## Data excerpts
*** Block opens ***

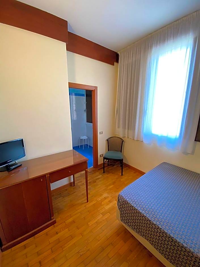 Rimini is a beach town so we didn't know to expect traveling there in December. Well, we weren't disappointed at all. The hotel is across the street from the beach and promenade and there are several shops and restaurants nearby. We had booked a triple room and were upgraded upon check-in. The room had one main bedroom and and area for a daybed. The bathroom was modern and everything was in working order. The big plus is that we were given a full size terrace that overlooked the beach area north of the hotel. The bedroom also had a balcony which was very nice. We used Rimini as a jumping off point to visit San Marino. However, we were pleasantly surprised with the city itself. The staff were excellent and accommodating. They wanted to make sure we really enjoyed our stay.
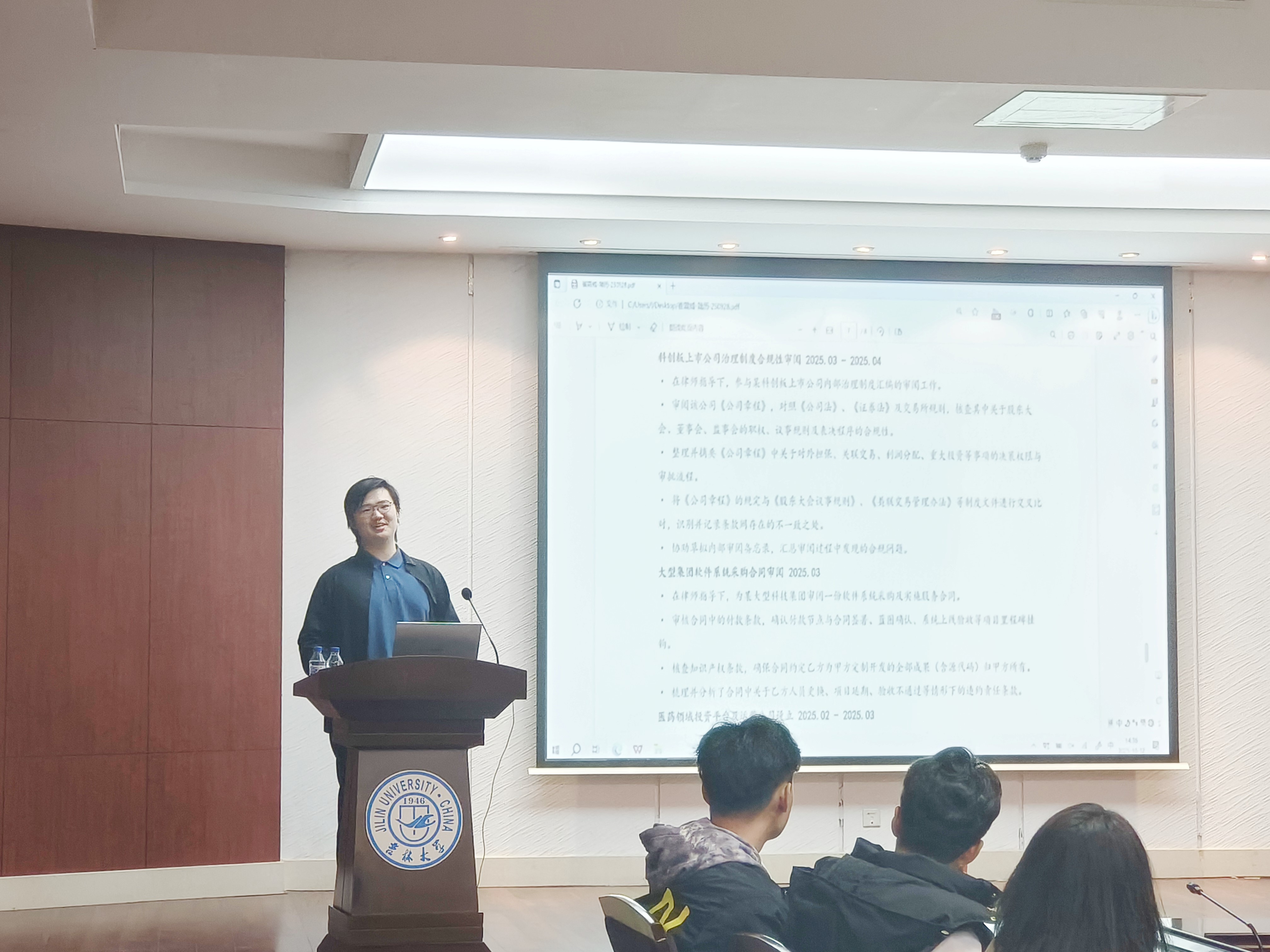 报告伊始,马捷副经理为大家介绍王勇老师,并代表公司对王老师的到来表示热烈的欢迎。随后,王勇老师结合个人职业发展历程,围绕大学求学、公务员、律师及教育创业者四个阶段展开分享,系统阐述了在商法融合背景下的实践思考与成长感悟。他从工作与学习双重视角出发,为在场同学们提出以下核心建议:在专业学习上,应拓宽知识边界,注重培养自学能力与主动担当的精神;在学习方法上,王老师将学习概括为十字经验,即“读书、思考、交流、实践、自学”,强调学习应超越应试,实现内化于心、外化于行;在职业规划上,王老师倡导“将个人内驱力与社会普遍需求相结合”,理性选择行业赛道,应不断向内探索,明晰真实需求,以内在动力驱动行为选择,持续学习与思考;在人生决策上,应以未来期望为导向,避免陷入线性思维的陷阱;在认知构建上,王老师强调个人认知的突破有赖于持续且主动的自我训练,员工应有意识地与高认知人士交流、刻意练习写作能力,在思想碰撞中汲取智慧,通过系统性的文字输出梳理思想。
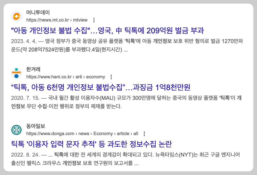 틱톡의 개인정보 불법수집에 대한 문제는 이미 유명했고, 영국에서는 '아동 개인정보 불법 수집'을 근거로 틱톡에 무려 209억원의 벌금을 부과하기도 했습니다. 그런데 저도 틱톡 라이트를 가입한 이후 이상할 정도로 스팸문자가 많이 오고 있긴합니다.
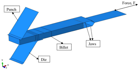 After the numerical bending simulation had been completed, the numerical simulation with fatigue loading continued uninterrupted, with the initial residual stress and loading range being the same as in the experimental part. Since the simulation of loading continued with the same finite element model, the same mesh was used as shown in Figure 9. After bending, the surface-to-surface contact was deactivated between the punch and billet, and between the billet and die. Surface-to-surface contact was established between the jaws, as an analytical rigid part, and the billet as a deformable solid, with formulation of rough friction and hard contact. The jaws had the same dimension as the jaws in the experimental fatigue loading with the INSTRON servo-hydraulic machine. The INSTRON actuator’s pin was simulated by applying force to the jaws, as shown in Figure 9, in the direction of the x-axis, fixed at the current position to enable the displacement U1 and the rotation UR3. The numerical bending simulations concluded with Step 3, and the simulation continued with fatigue loading in Step 4, as shown in Figure 15. Fatigue loading was performed with the same load ratio R = 0.1 and range, namely ΔF1 = 1.58 kN (Fmax = 1.759 kN), ΔF2 = 1.69 kN (Fmax = 1.893 kN), and ΔF3 = 2.54 kN (Fmax = 2.834 kN), as in the experimental part.
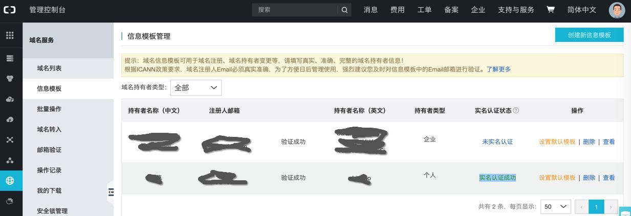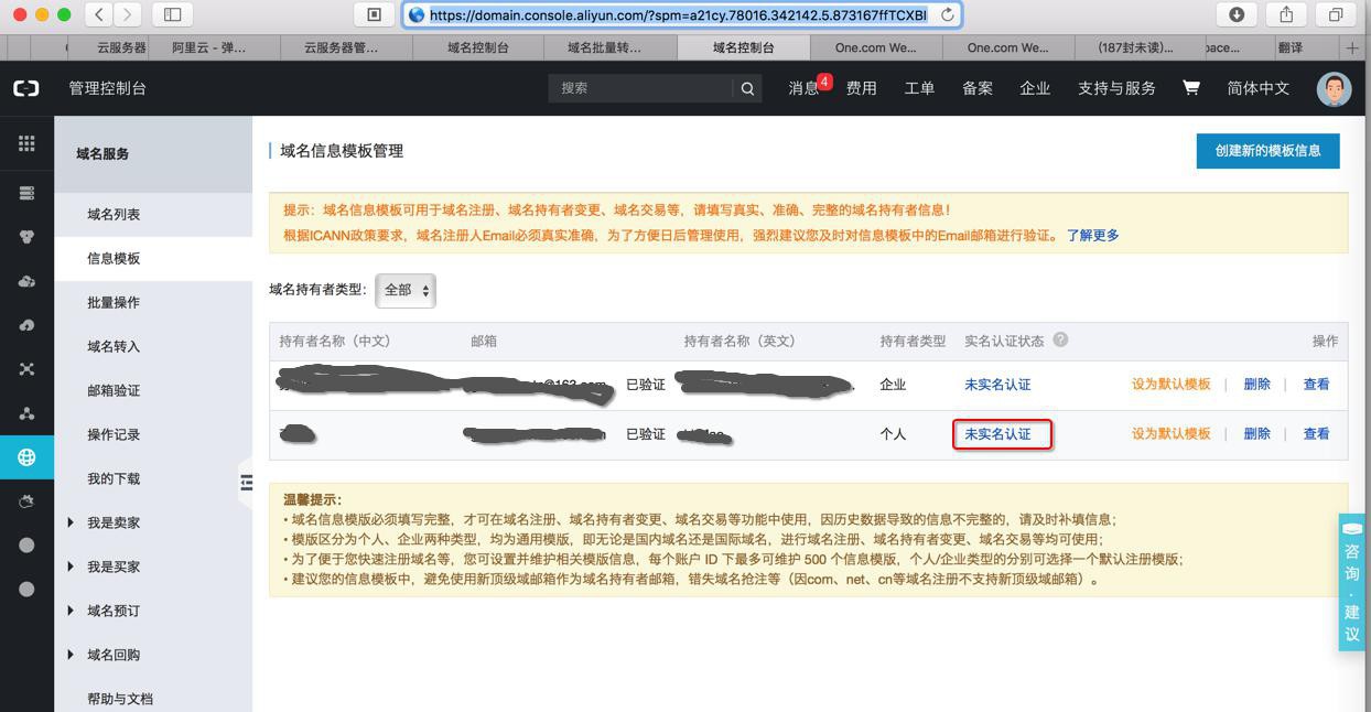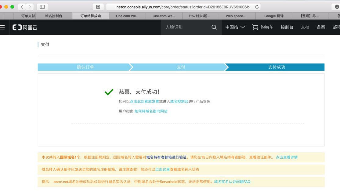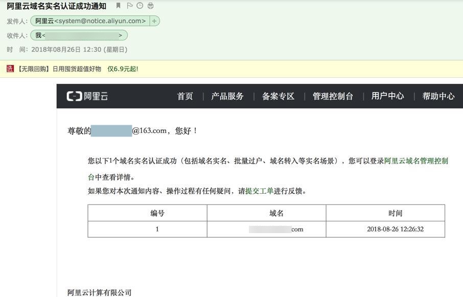 您以下1个域名实名认证成功(包括域名实名、批量过户、域名转入等实名场景),您可以登录阿里云域名管理控制台中查看详情。
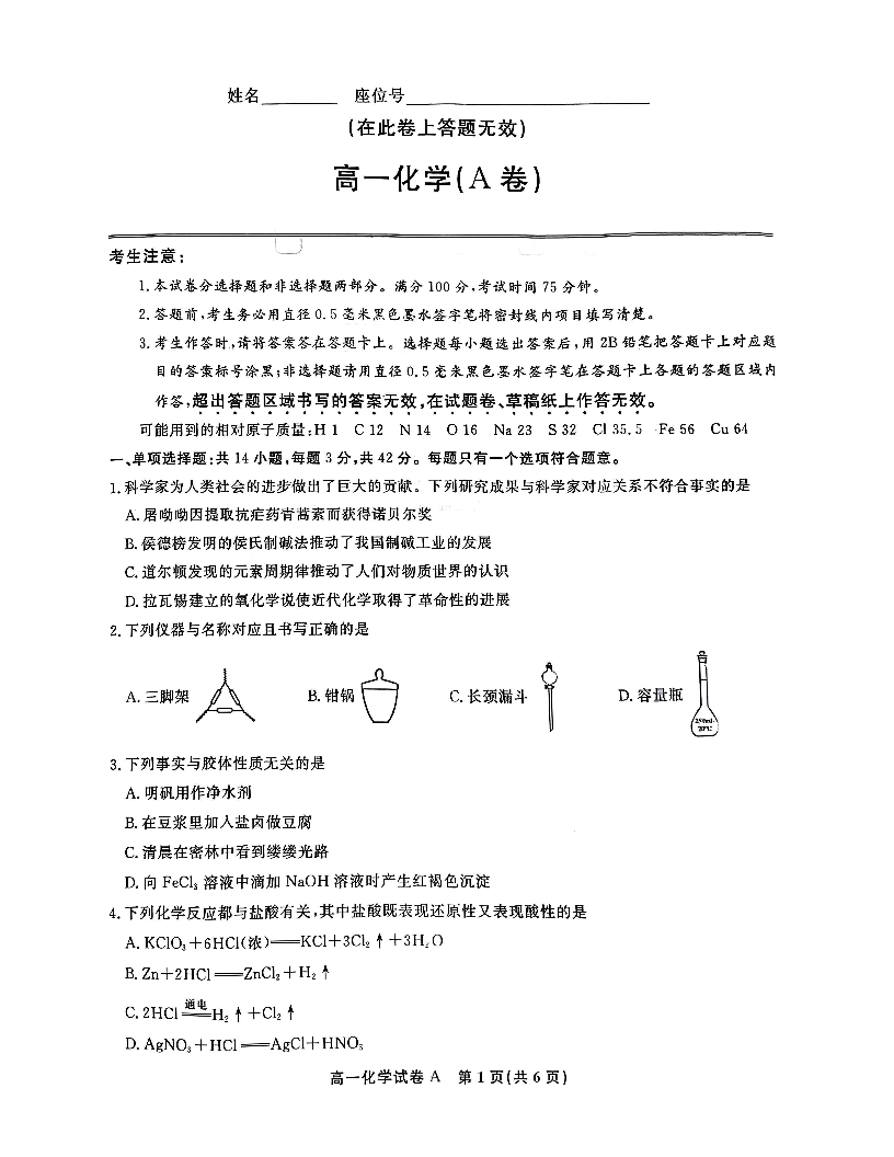 安徽省皖江名校2024-2025学年高一上学期12月联考 化学.pdf
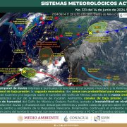 El Servicio Meteorológico Nacional (SMN) de México ha emitido una alerta sobre un temporal de lluvias intensas a torrenciales que afectará el oriente, sureste mexicano y la península de Yucatán del 13 al 20 de junio. Este fenómeno es provocado por la interacción de un canal de baja presión, la vaguada monzónica y dos zonas de baja presión con potencial ciclónico.

*** Block closes ***

## WORK REQUEST
What the answer must hold is the exact text of every line from the one containing "安徽省皖江名校2024-2025学年高一上学期12月联考 化学.pdf" through the end of the data, minus any pictures.

## EXERCISE OUTPUT
 安徽省皖江名校2024-2025学年高一上学期12月联考 化学.pdf
 El Servicio Meteorológico Nacional (SMN) de México ha emitido una alerta sobre un temporal de lluvias intensas a torrenciales que afectará el oriente, sureste mexicano y la península de Yucatán del 13 al 20 de junio. Este fenómeno es provocado por la interacción de un canal de baja presión, la vaguada monzónica y dos zonas de baja presión con potencial ciclónico.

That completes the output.